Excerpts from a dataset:

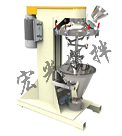 VH混合機具有錐形混合腔體并配有中心轉軸,其旋轉速度可達30米/秒。通過轉軸的速度產生離心力將產品推向混合腔體內壁。 此時腔體的錐形形狀及刀片的形狀使產品產生一個沿內壁向上的運動。產品再由特別設計的混合機蓋引導到混合機的中心,并回落到混合腔的底部,重新開始新一輪的混合過程。
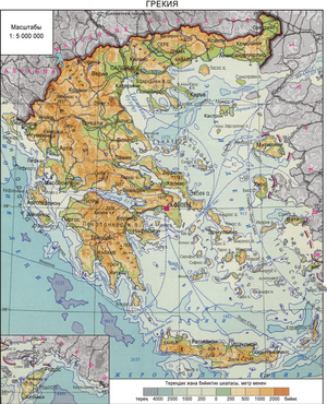 ГРЕ́КИЯ , Г р е к и я Р е с п у б л и к а с ы – Түштүк Европадагы мамлекет. Балкан жарым аралынын түштүк бөлүгүнөн жана ага жакын жаткан аралдардан (100дөн ашуун; ирилери: Крит, Эвбея, Родос, Лесбос ж. б.) орун алган. Грекия түндүк- батышынан Албания, түндүгүнөн Македония,
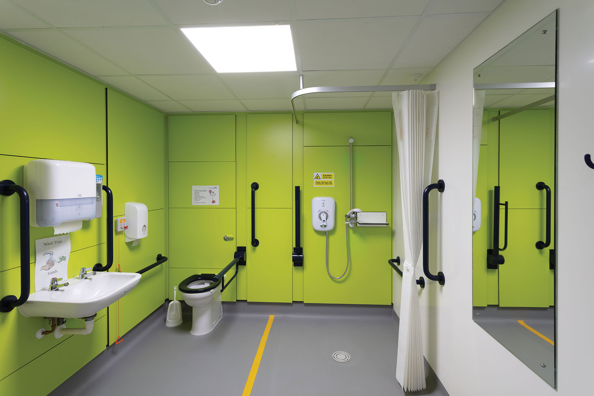 • Specially designed changing rooms available with large communal changing and shower areas, bench seating, coat hooks and toilet cubicles
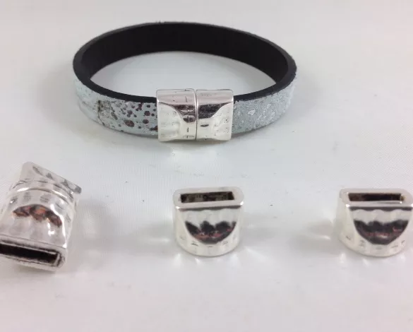 5 Fermoirs aimanté en boucle de ceinture martelé, en zamac pour cuir plat 10mm
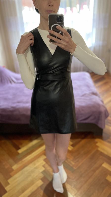 Плаття-сарафан з екошкіри розмір S гарно тягнеться,підійде для дівчат невисокого росту до 170см,мій ріст 176 тому воно закоротке,дуже гарно сідає по фігурі
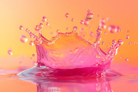 A radiant pink and orange oil splash frozen mid-motion, with droplets scattering across a glossy surface.
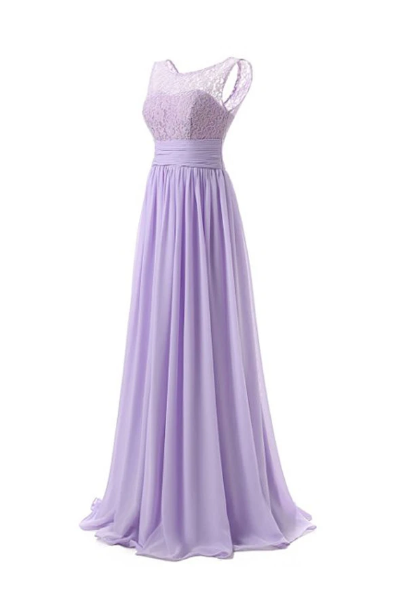 Anneprom Chiffon Long Prom Dress Scoop Bridesmaid Dress Lace APB0006

:: PROBLEM STATEMENT ::
Find "Плаття-сарафан з екошкіри" in the entries, then reproduce that line and each line after it exactly, through the last one. Pictures do not go in.

:: SOLUTION TO THE EXERCISE ::
 Плаття-сарафан з екошкіри розмір S гарно тягнеться,підійде для дівчат невисокого росту до 170см,мій ріст 176 тому воно закоротке,дуже гарно сідає по фігурі
 A radiant pink and orange oil splash frozen mid-motion, with droplets scattering across a glossy surface.
 Anneprom Chiffon Long Prom Dress Scoop Bridesmaid Dress Lace APB0006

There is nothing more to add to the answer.